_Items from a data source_
--- START ---
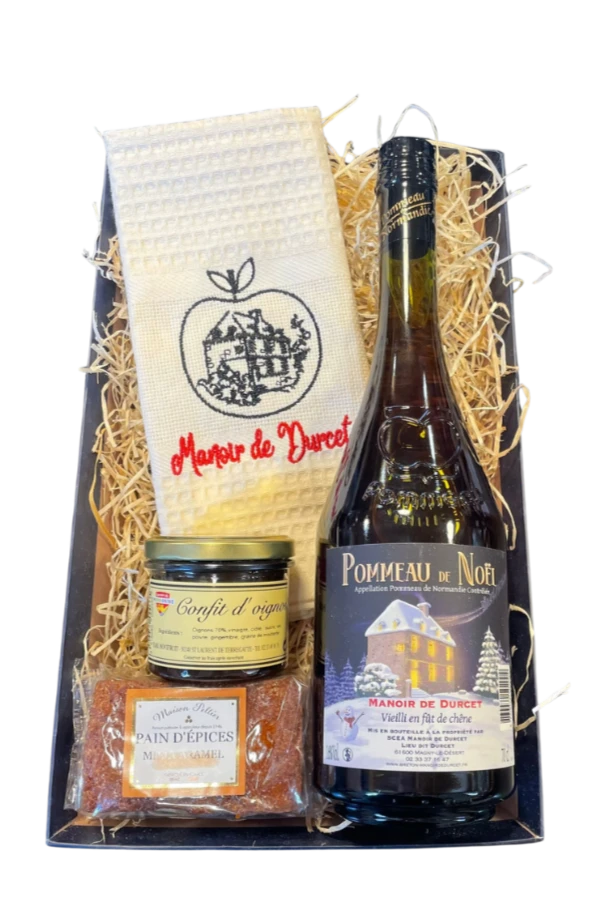 panier composé d’un pommeau de Noël, torchon brodé, confit d’oignons, pain épices.
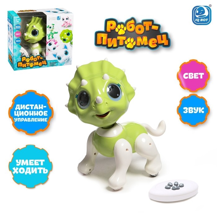Робот динозавр «Питомец» IQ BOT, на пульте управления, интерактивный: звук, свет, на батарейках
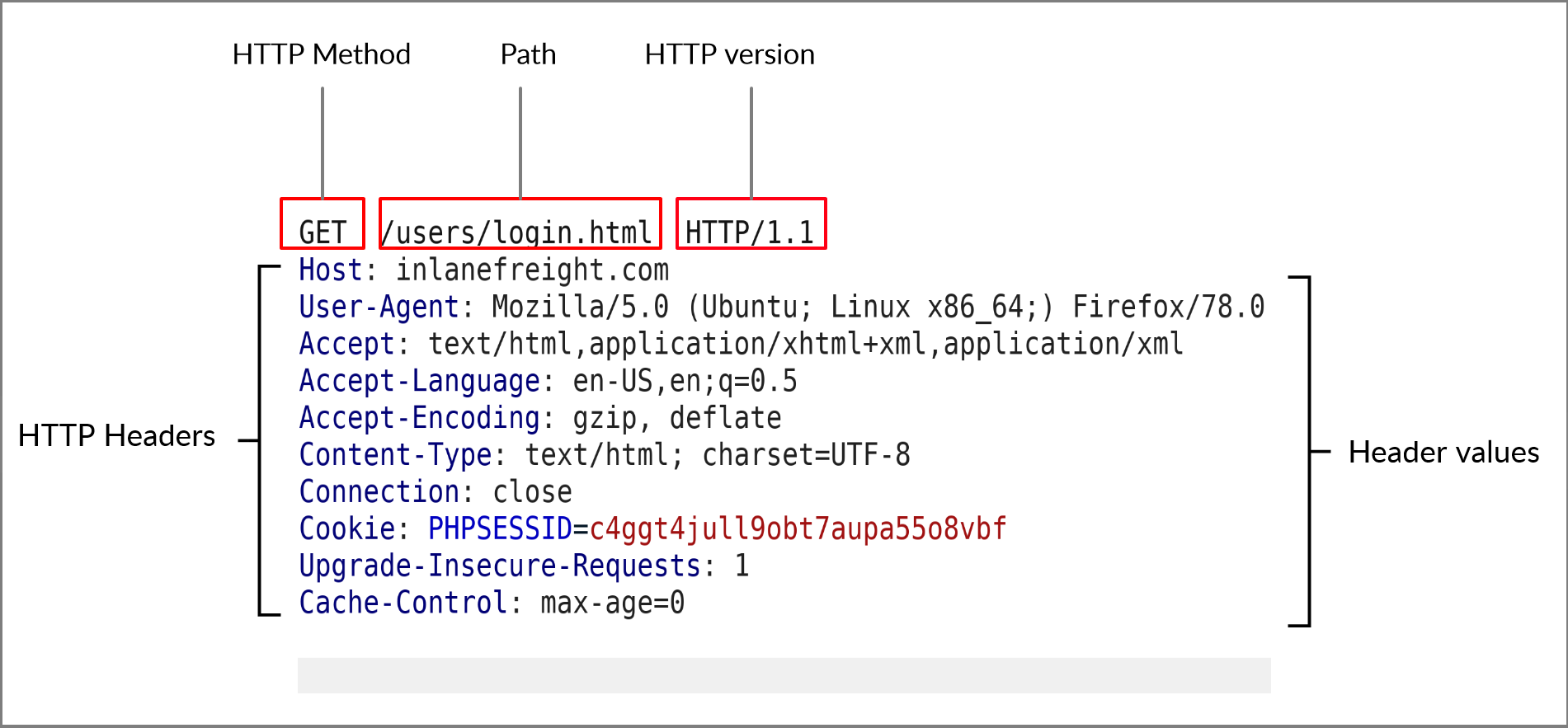 Referer | Referer: http://www.inlanefreight.com/ | where the current request is coming from. accessing this website from Google and I’d log https://google.com as the referer . can be manipulated and shouldn’t be considered for logic implementation. |
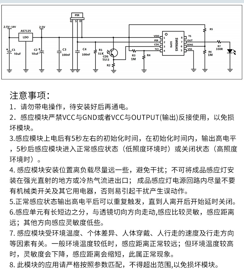 • 2mA 전원 공급 장치/감지 거리 6-8m/지연 30s
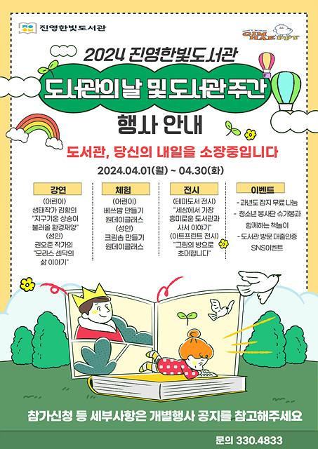 [½Åµ¿¾Æ¹æ¼Û´º½º=ÃÖ¼ÛÈ­±âÀÚ] ±èÇØ½Ã Áø¿µÇѺûµµ¼­°ü(°üÀå ±è±âÇý)Àº ¡®µµ¼­°üÀÇ ³¯(4.12)¡¯°ú ¡®µµ¼­°ü ÁÖ°£(4.12~18)¡¯À» ±â³äÇØ 4¿ù ÇÑ ´Þ°£ µµ¼­°ü ÀÏ¿ø¿¡¼­ ´Ùä·Î¿î µ¶¼­¹®È­ Çà»ç¸¦ °³ÃÖÇÑ´Ù°í 13ÀÏ ¹àÇû´Ù. µµ¼­°ü¿¡ ´ëÇÑ ±¹¹ÎÀÇ ÀÌÇØ¿Í °ü½ÉÀ» ³ôÀ̰í ÀÌ¡¦
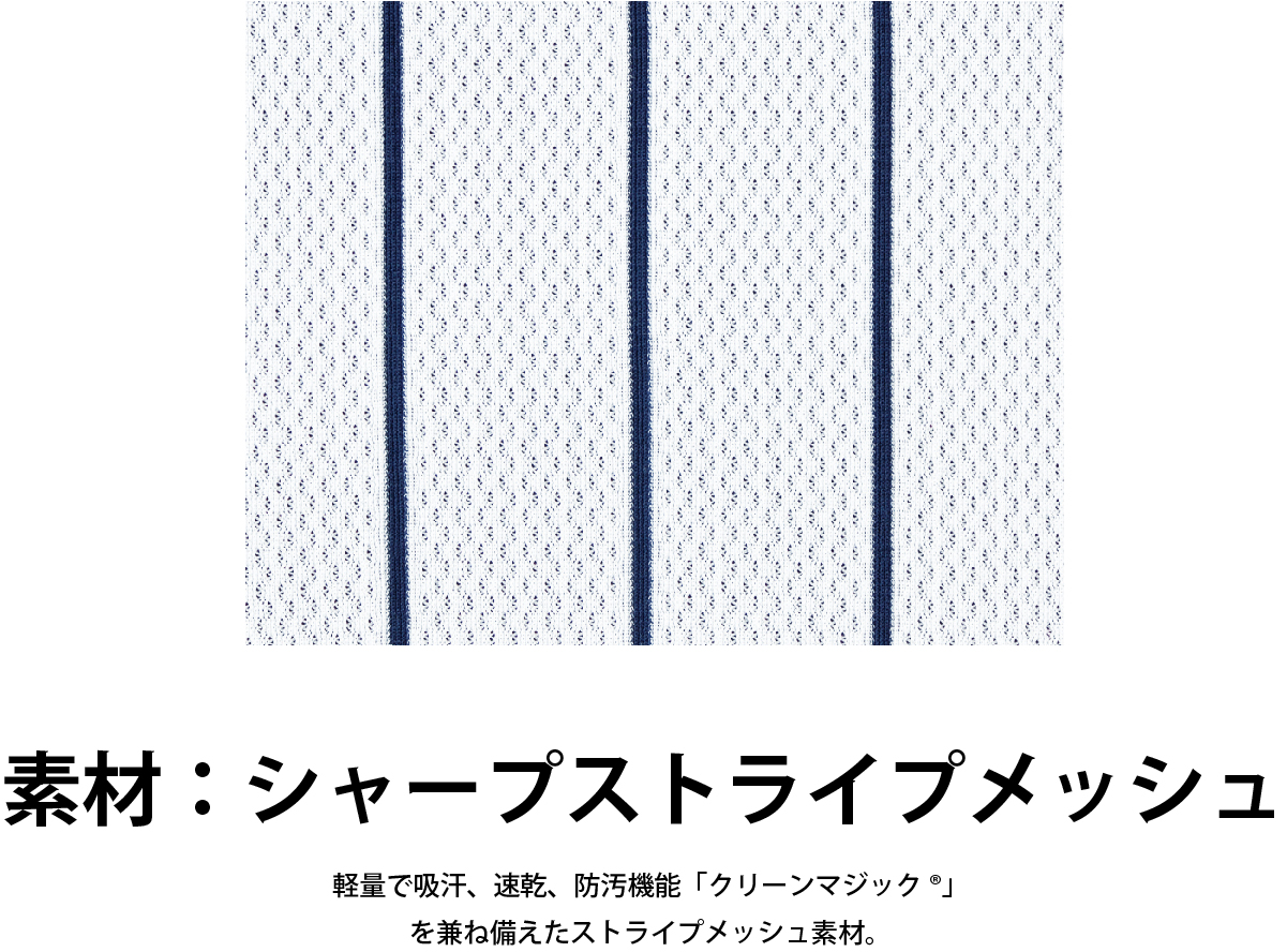 軽量で防汚性にも優れ、ストライプデザインのチームユニフォームに最適。
--- END ---
_Exercise objective_
Output every record above word for word, omitting any pictures they contain.

_Answer section_
 panier composé d’un pommeau de Noël, torchon brodé, confit d’oignons, pain épices.
Робот динозавр «Питомец» IQ BOT, на пульте управления, интерактивный: звук, свет, на батарейках
 Referer | Referer: http://www.inlanefreight.com/ | where the current request is coming from. accessing this website from Google and I’d log https://google.com as the referer . can be manipulated and shouldn’t be considered for logic implementation. |
 • 2mA 전원 공급 장치/감지 거리 6-8m/지연 30s
 [½Åµ¿¾Æ¹æ¼Û´º½º=ÃÖ¼ÛÈ­±âÀÚ] ±èÇØ½Ã Áø¿µÇѺûµµ¼­°ü(°üÀå ±è±âÇý)Àº ¡®µµ¼­°üÀÇ ³¯(4.12)¡¯°ú ¡®µµ¼­°ü ÁÖ°£(4.12~18)¡¯À» ±â³äÇØ 4¿ù ÇÑ ´Þ°£ µµ¼­°ü ÀÏ¿ø¿¡¼­ ´Ùä·Î¿î µ¶¼­¹®È­ Çà»ç¸¦ °³ÃÖÇÑ´Ù°í 13ÀÏ ¹àÇû´Ù. µµ¼­°ü¿¡ ´ëÇÑ ±¹¹ÎÀÇ ÀÌÇØ¿Í °ü½ÉÀ» ³ôÀ̰í ÀÌ¡¦
 軽量で防汚性にも優れ、ストライプデザインのチームユニフォームに最適。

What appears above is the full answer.